Causes, symptoms, first aid and diagnosis of gastrointestinal bleeding

What is gastrointestinal bleeding?

Gastrointestinal bleeding (ZHKK) is the outflow of blood from blood vessels damaged by the disease in the cavity of the organs of the gastrointestinal tract. Gastrointestinal bleeding is a common and serious complication of a wide range of pathologies of the gastrointestinal tract, posing a threat to the health and even life of the patient. The volume of blood loss can reach 3-4 liters, so this bleeding requires emergency medical care.

In gastroenterology, gastrointestinal bleeding is the 5th most common after appendicitis, pancreatitis, cholecystitis, and strangulated hernia.

The source of bleeding can be any part of the gastrointestinal tract. In this regard, bleeding from the upper gastrointestinal tract (from the esophagus, stomach, duodenum) and lower gastrointestinal tract (small and large intestines, rectum) are distinguished.

According to the etiological basis, ulcerative and non-ulcerative gastrointestinal tracts are distinguished, according to the nature of the bleeding itself – acute and chronic, according to the clinical picture – obvious and hidden, according to the duration – single and recurrent.

The risk group includes men of the age group of 45-60 years. 9% of people brought to the surgical departments by the ambulance service arrive there with gastrointestinal bleeding.
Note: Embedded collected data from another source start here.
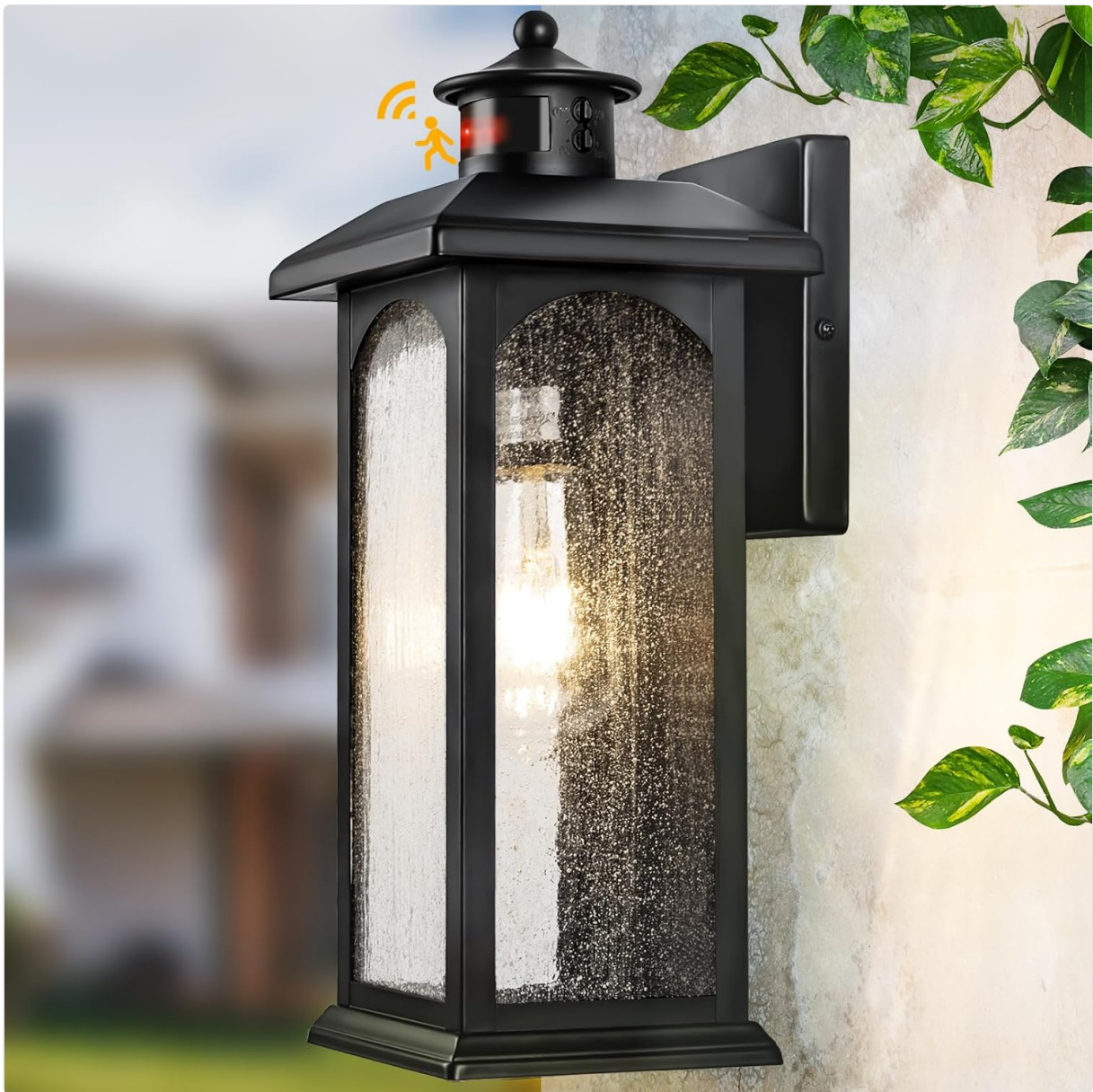
Image: The Brilvibera Motion Sensor Porch Light, showcasing its large size and modern design, installed on an exterior wall.
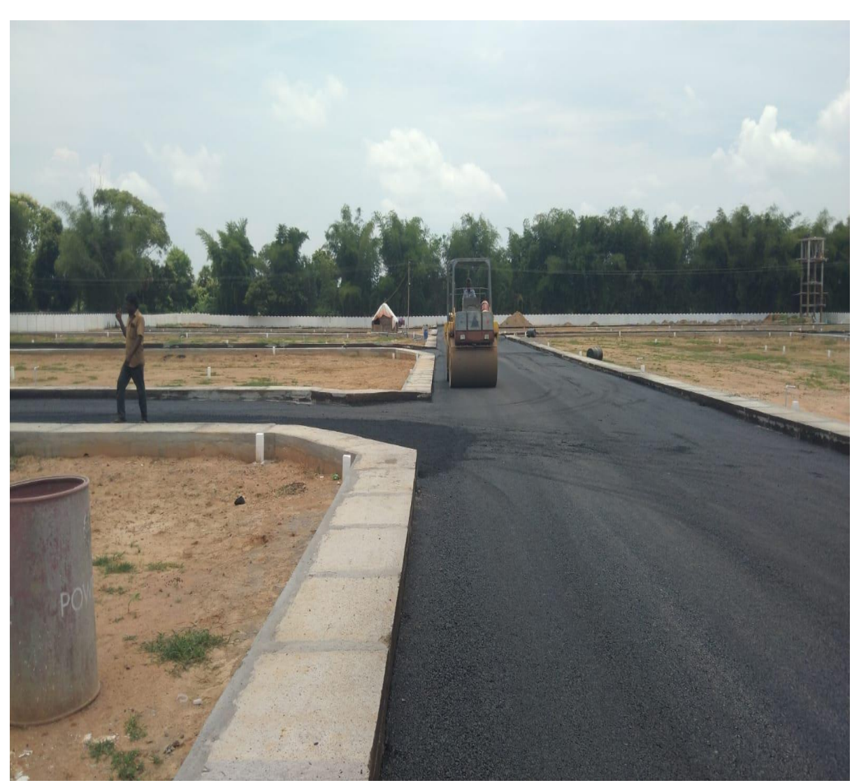
BITUMEN ROAD 2<sup>nd</sup> LAYER LAYING WORK 90% COMPLETED
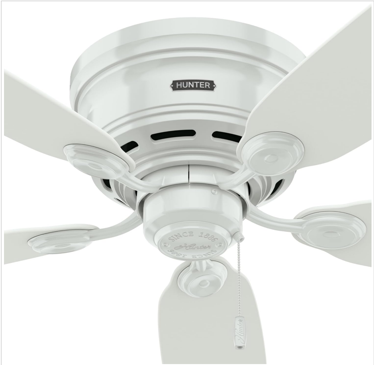
Figure 1: Components of the Hunter Low Profile IV Ceiling Fan, including the motor, five reversible blades, and pull chain control.
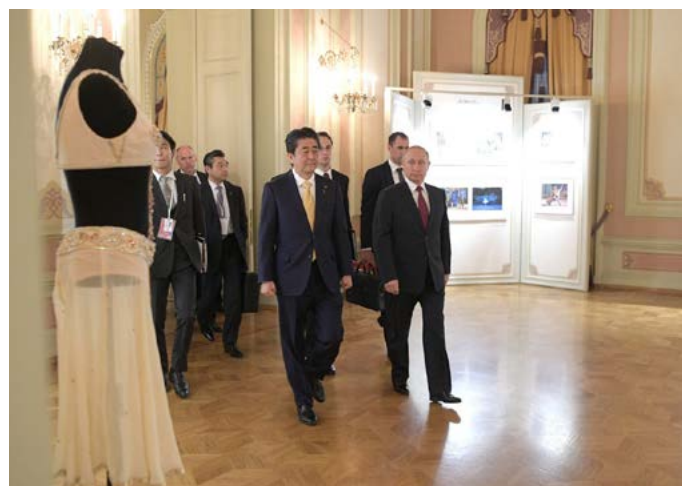
The Prime Minister of Japan Shinzō Abe and the President of Russia Vladimir Putin in the Historical Stage Foyer prior to the opening ceremony of Russia-Japan bilateral year. The Bolshoi Theatre, May 26th.
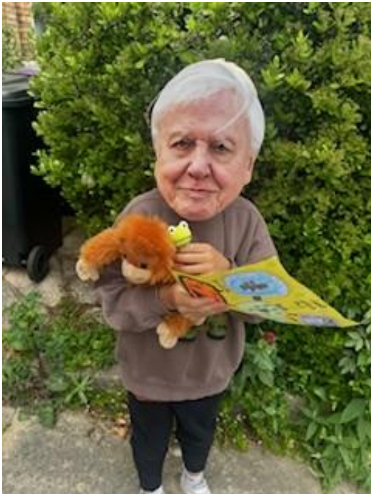
Who's that behind the mask?!

There was a real buzz around school throughout the day and the excitement and interest shown by the children made it a very special day.
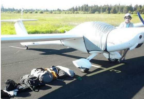
Distar Sundancer Travel Weight Canopy Cover

The number of its possible causes (diseases and pathological conditions) exceeds 100.

Causes of stomach bleeding

Causes, symptoms, first aid and diagnosis of gastrointestinal bleeding

All gastrointestinal bleeding is divided into four groups:

  1. Bleeding in diseases and lesions of the gastrointestinal tract (peptic ulcer, diverticula, tumors, hernias, hemorrhoids, helminths, etc.);

  2. Bleeding due to portal hypertension (hepatitis, cirrhosis of the liver, cicatricial strictures, etc.);

  3. Bleeding in case of vascular damage (varicose veins of the esophagus, scleroderma, etc.);

  4. Bleeding in blood diseases (aplastic anemia, hemophilia, leukemia, thrombocythemia, etc.).

Bleeding in diseases and lesions of the gastrointestinal tract

In the first group, ulcerative and non-ulcerative gastrointestinal tracts are distinguished. Ulcerative pathologies include:

  • Stomach ulcer;

  • Duodenal ulcer;

  • Chronic esophagitis (inflammation of the esophageal mucosa);

  • Gastroesophageal reflux disease of the esophagus (develops as a result of systematic spontaneous reflux of stomach contents into the esophagus);

  • Erosive hemorrhagic gastritis;

  • Nonspecific ulcerative colitis and Crohn’s disease (pathologies of the large intestine, similar in symptoms, but having a different etiology).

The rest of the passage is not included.